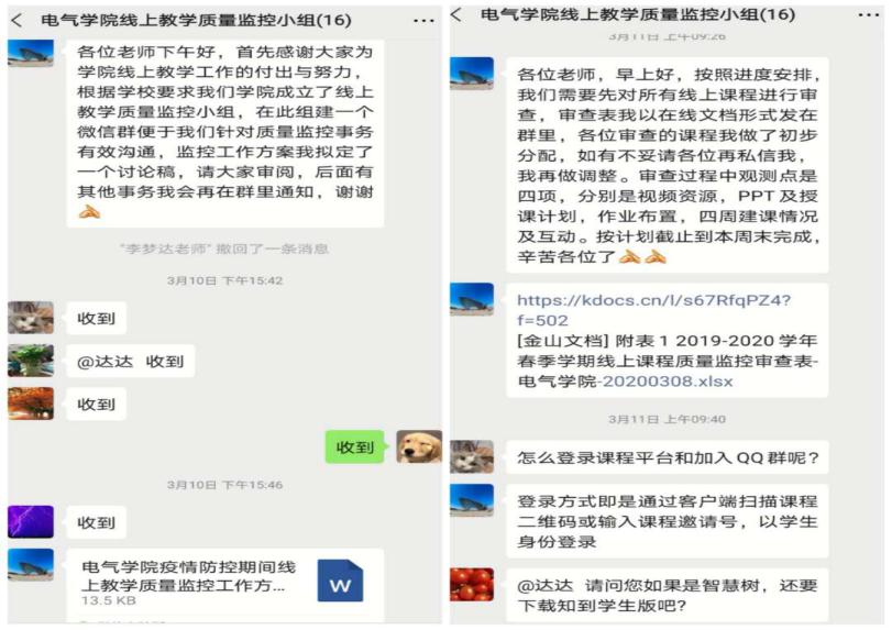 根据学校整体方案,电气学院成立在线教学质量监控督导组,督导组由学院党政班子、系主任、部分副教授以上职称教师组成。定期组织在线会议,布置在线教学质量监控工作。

----

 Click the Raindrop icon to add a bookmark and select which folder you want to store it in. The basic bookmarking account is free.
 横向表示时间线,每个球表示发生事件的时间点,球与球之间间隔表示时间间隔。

----

Activity
Set down exactly the lines of the data above, beginning with the line that has "Click the Raindrop" and ending with the line that has "横向表示时间线,每个球表示发生事件的时间点,球与球之间间隔表示时间间隔。", and no others.

Answer box
 Click the Raindrop icon to add a bookmark and select which folder you want to store it in. The basic bookmarking account is free.
 横向表示时间线,每个球表示发生事件的时间点,球与球之间间隔表示时间间隔。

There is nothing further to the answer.